At the end of the study, both caloric restriction and exercise resulted in improved peak VO₂, which was further improved with the combined intervention compared to the control group. The coprimary endpoint measured with the Minnesota Living with HF Questionnaire to assess changes in QoL was not improved in any of the interventional groups. For exploratory purposes, other assessments of QoL such as the Kansas City Cardiomyopathy Questionnaire, were shown to improve with the dietary intervention, but not with the exercise intervention.¹¹¹ Importantly, neither exercise or caloric restriction were associated with major clinically relevant improvements in cardiac function, aside from a small, although statistically significant reduction in LV mass (−4 g) by MRI, reduction in LV relative wall thickness assessed by echocardiography and an increase in E/A velocity ratio (+0.10) with caloric restriction. In fact, changes in peak VO₂ were for the most part associated with changes in body composition compartments and markers of systemic inflammation. However, after multiple regression analysis, only sex and total body mass remained as independent predictors for the changes in CRF (ie, peak VO₂).¹¹¹

The study has shown that caloric restriction and/or aerobic exercise training are efficacious strategies to improve CRF in obesity and HFpEF, however, caloric restriction is typically associated with a reduction of FM and concomitant LM,²⁶⁰ which in the long-term could result in an increased risk for sarcopenia and sarcopenic obesity, especially when such intervention are implemented in older adults. For such reasons, the investigators of the trial described above are currently testing the hypothesis that adding resistance training to caloric restriction and aerobic exercise may result in a further improvement in CRF by preserving and perhaps even increasing LM (NCT02636439).

Conclusion

Abnormalities in body composition compartments, particularly of LM, leading to the development of sarcopenia, sarcopenic obesity and cachexia, are highly prevalent in patients with HF. However, universal definitions for such conditions are desperately needed to identify the exact prevalence in the general population and particularly in patients with HF, in which such conditions are associated with impaired CRF and reduced muscle strength, further contributing to the poor prognosis of the disease.
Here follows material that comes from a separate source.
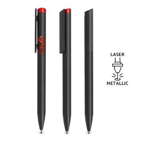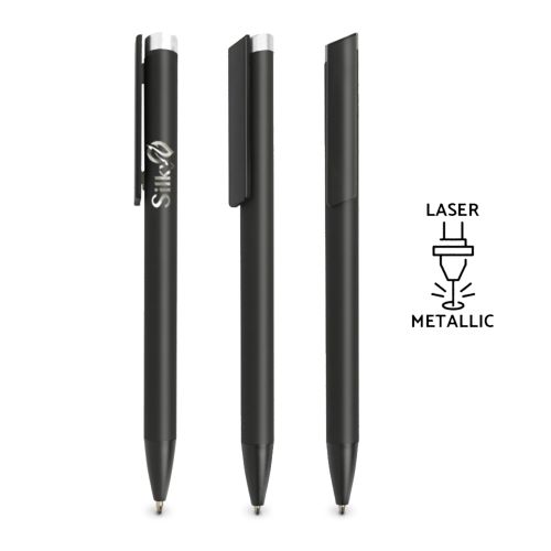 Esferográfica em alumínio, com acabamento em borracha Clipsy

Nonpharmacologic therapeutic strategies targeting changes in body composition (ie, exercise and nutritional strategies), with and without improvements in cardiac function may, therefore, exert beneficial effects. Such interventions have the potential to improve CRF in HF, particularly in HFpEF. Larger randomized controlled trials testing the effects of these interventions individually or combined on clinical outcomes in patients with sarcopenia, sarcopenic obesity and cachexia are required.
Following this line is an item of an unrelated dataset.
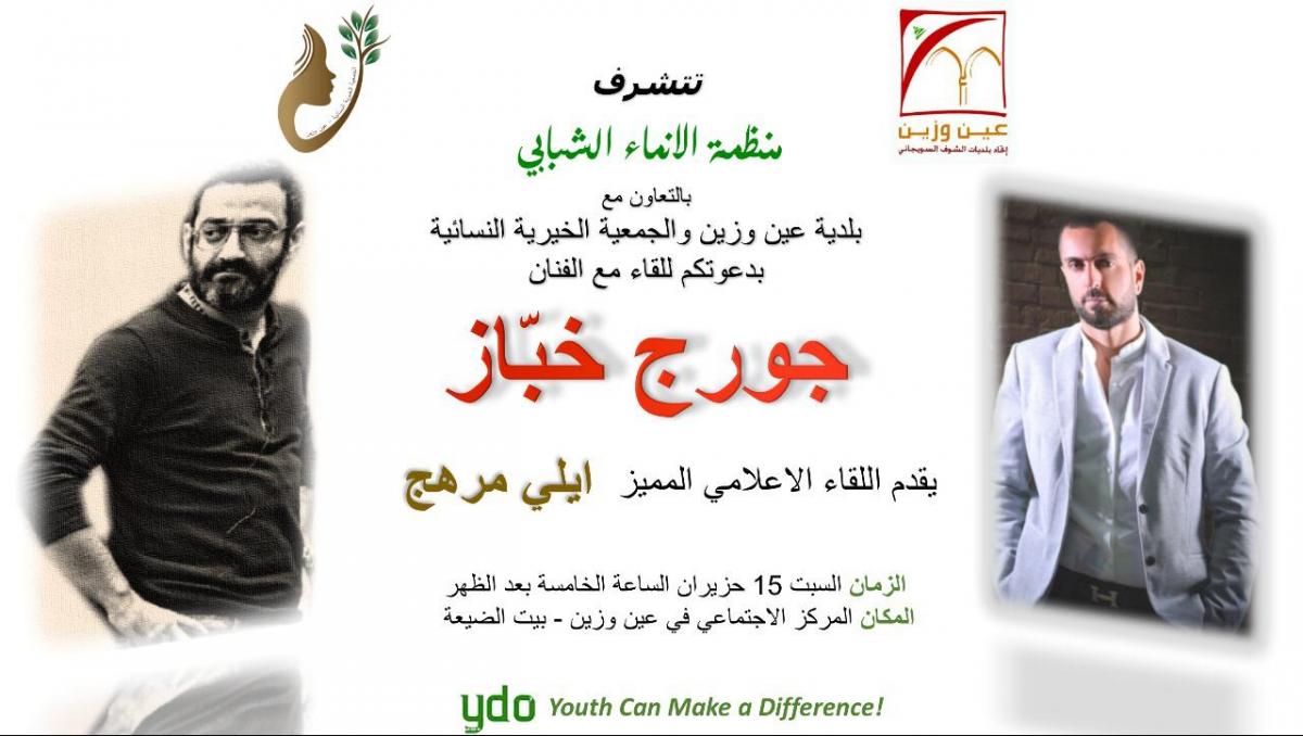 يلتقي الفنان المبدع جورج خباز محبّيه من أهالي الشوف يوم السبت 15 حزيران الساعة الخامسة بعد الظهر، في المركز الإجتماعي في عين وزين – بيت الضيعة.

The role of body composition in patients with heart failure has been the focus of attention in the past few years

Salvatore Carbone et al et al performed a very extensive and clinically oriented review of several aspects body composition and implementation of therapies in patients with heart failure

Several inferences can be delineated from this excellent review

First, abnormalities in body composition compartments, specially of LM, leading to the development of sarcopenia, sarcopenic obesity and cachexia, are highly prevalent in patients with heart failure

Second, definition of this abnormalities in body composition are needed to identify, first the exact prevalence in the general population and particularly in patients with heart failure

Third, clearly these abnormalities of lean mass are associated with abnormal cardiorespiratory fitness and muscle strength contributing to the poor prognosis of patients with heart failure.

Nutritional strategies as well as exercise programs may exert clinical benefits, specially in patients with heart failure and preserved systolic function.

Radomized controlled trials testing the effects of these interventions on clinical outcomes in patients with sarcopenia, sarcopenic obesity and cachexia in patients are needed.

I want to congratulate the authors for a very nice review of the clinically important subject.